The best example of PBW’s ability to catch listeners off guard on Badmeaningood Vol. 3 is a surprisingly effective marriage of two ’80s gems, Joe Jackson’s jazzy “Steppin’ Out” (“probably my favorite song on the whole CD,” offers Manak) and the electro oddity “Punk Rock Rap” by Wild Style stars the Cold Crush Brothers. The finished CD, assembled from 18 slabs of wax that have lived in his crate for the past few years, might have been even more eclectic were it not for the hassle of obtaining the rights to certain selections. “I picked roughly 50 songs, but we were only able to clear maybe 20 of them, because of major labels.”

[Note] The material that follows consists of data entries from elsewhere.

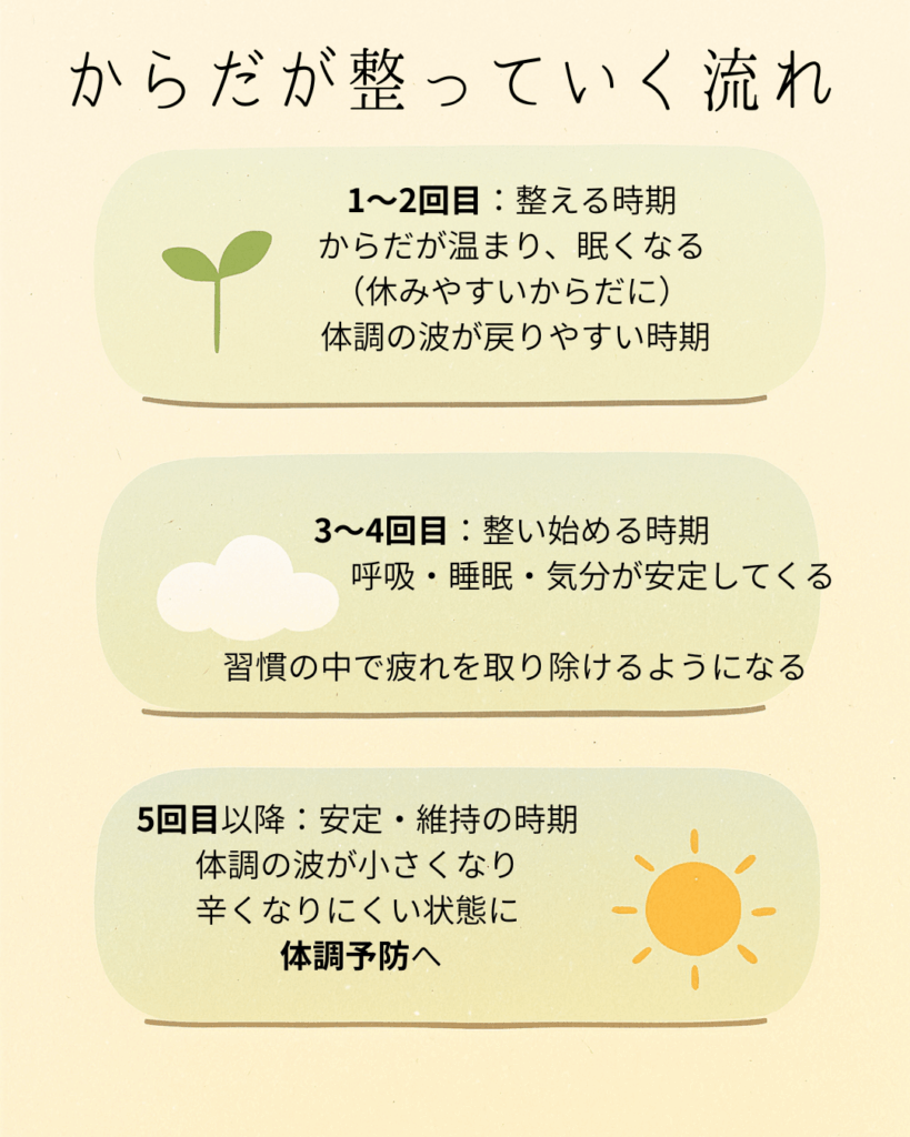 当院では「からだが少しずつ回復し、安定していく自然な流れ」を大切にしています。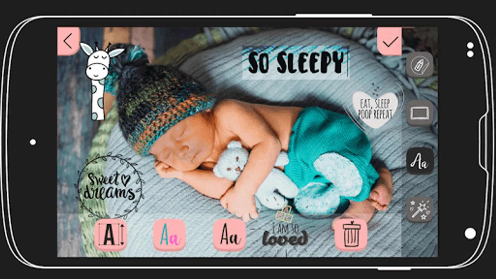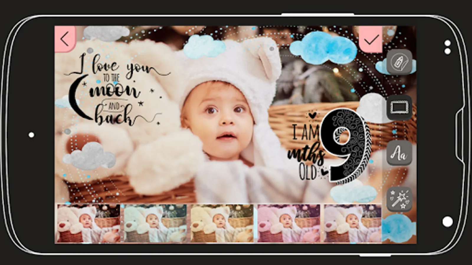 The photo effects that you get with your phone are not enough for you? Install our adorable baby monthly photo app free and find the stickers you want to add to your images. Get creative with editing and pick meaningful decoration. Try all the cute frames and gifs, too! You can also write anything you like using your favorite color and font in this baby pic editing app! Those beautiful monthly pictures will be a perfect memory you can save and share with loved ones. Finally, you can do it all with just one app. There are so many interesting options, all you need to do is explore them all. Now you can use different props for your favorite images and make babies photos edit whenever and wherever you want. Once you design these cherished memories, your little bundle of joy will have the most beautiful images ever. Drop your creations to all social networks, share them with your friends. Download “Baby Story Photo Editor” App free of charge and let everyone see your artistic pictures!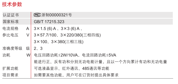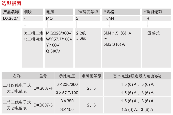 如客戶需要三相四線電子式無功電能表,電壓為220V,準確度等級為2,電流為1.5(6)A,

PBW’S appreciation for all kinds of music is also reflected by the variety of titles released on his acclaimed indie imprint, Stones Throw Records, home to cutting-edge full-lengths by Yesterday’s New Quintet and Quasimoto, as well as The Funky 16 Corners, a soul archivist’s wet dreamfeaturing a slew of vanity-label late-’60s and early-’70s funk rarities, assembled by label manager Eothan Alapatt (a.k.a. Egon)that wound up being featured on NPR and even Sex and the City. (For an introductory overview of the Stones Throw catalog, pick up Peanut Butter Wolf’s Jukebox 45’s, a 22-track set featuring most of the label’s main players, culled from the A- and B-sides of limited-edition 7-inch singles.)

Although Manak admits he’d prefer to only issue one or two records a year, the Stones Throw release schedule for 2003 is jam-packed with goodies, including two albums featuring the ever-prolific rapper-producer Madlib: one with Jay Dee (as JayLib), the other with MF Doom (as Madvillian). But the title closest to Manak’s heart is the long-delayed full-length featuring tracks the DJ-producer recorded with his former rhyming partner and friend, Charizma (born Charles Hicks), who died in 1993.

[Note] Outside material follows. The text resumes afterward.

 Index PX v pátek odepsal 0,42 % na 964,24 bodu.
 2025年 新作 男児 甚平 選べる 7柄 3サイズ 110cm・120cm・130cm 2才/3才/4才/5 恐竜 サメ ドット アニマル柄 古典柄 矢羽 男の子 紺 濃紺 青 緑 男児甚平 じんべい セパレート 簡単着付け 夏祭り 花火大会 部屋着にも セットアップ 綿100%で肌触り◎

“It’s a trip going back and listening to it,” admits PBW, who founded Stones Throw in 1996 specifically to release Charizma’s posthumous cut “My World Premiere” (also featured on Badmeaningood). “I haven’t heard a lot of those songs in five to 10 years.”

Initially, Manak had reservations about releasing the Charizma material, most of which was cut between 1990 and 1992, before the duo inked a disastrous deal with the Disney-owned Hollywood Records subsidiary label, Basics, which yielded a year’s worth of tracks that were never made available commercially. “I was afraid that the music might sound dated,” he confesses. “But I’m going to make it clear in the packaging that it’s an album that was recorded in the early ’90s. And, that being said, styles have gone in so many directions now that a lot of DJs like to play early-’90s stuff in their sets.”

As for PBW, his own obsession lately is “early-’80s dance music and early house circa ’86 or ’87, back when they first started doing it. That really rough-sounding shit, the unmastered private-label stuff.” How much of that will wind up in Friday night’s program? It’s well worth stopping by to find out. Even if you’re one of those 1.5 million allergy sufferers, this is a rare chance to have a taste of Peanut Butter that’ll prove life-affirming, not life-threatening.